PORT-AU-PRINCE — The aerial view for Haiti's newly installed prime minister was brutal Tuesday: a storm-ravaged landscape stretching out for miles, flooded rice fields, washed-out cities and survivors battling rivers of mud.
But as Michèle Pierre-Louis surveyed the damage from a U.S. military chopper, three days after a fourth storm buffeted Haiti, she knew that the areas out of view -- remote communities hidden by mountains and cut off by impassable roads -- were likely worse off.
''It's very shocking,'' said Pierre-Louis, who officially took charge of Haiti's government Friday. "It's very hard to see that people are now living on their roofs, and that is the only way they can survive.''
From Haiti to Turks and Caicos and the Bahamas, Caribbean leaders surveying the devastation by air and land echoed a similar call: We need help.

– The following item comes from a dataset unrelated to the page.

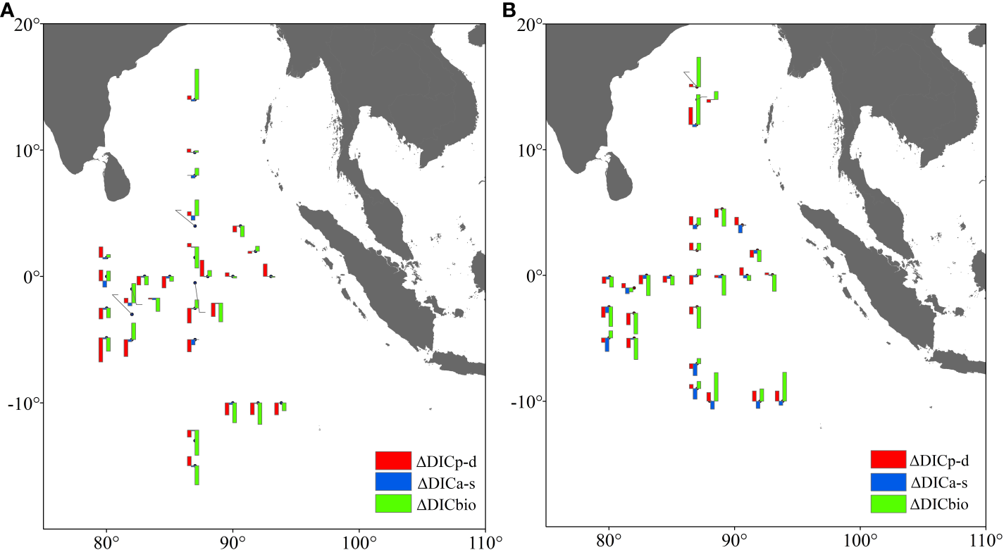 where ΔDICp-d, ΔDICbio, and ΔDICa-s represent DIC changes caused by CaCO3 precipitation–dissolution, biological, and sea–air exchange processes, respectively; ΔAlkp-d and ΔAlkbio represent Alk changes caused by the processes of CaCO3 precipitation–dissolution and biological processes, respectively; and −17/106 × ΔDICbio is the expected Alk change during the biological use or release of DIC assuming the Redfield ratio (Redfield et al., 1963). Considering that the change in Alk from biological processes is relatively minor compared to changes in DIC, the biological term was ignored in practice according to previous studies (Xue et al., 2016; Li et al., 2022; Zhang and Hu, 2023).

''People are desperate for food, for drinkable water,'' Pierre-Louis said. "This is the most urgent need.''
As Pierre-Louis joined U.S. Ambassador Janet Sanderson for an overview of the affected region, U.S. military aboard a Navy hospital ship anchored off the coast of Port-au-Prince, U.N. peacekeepers and aid groups battled logistical issues to get sorely needed tarps, food and water to storm victims.
The four-storm death toll in Haiti was officially upgraded to 341.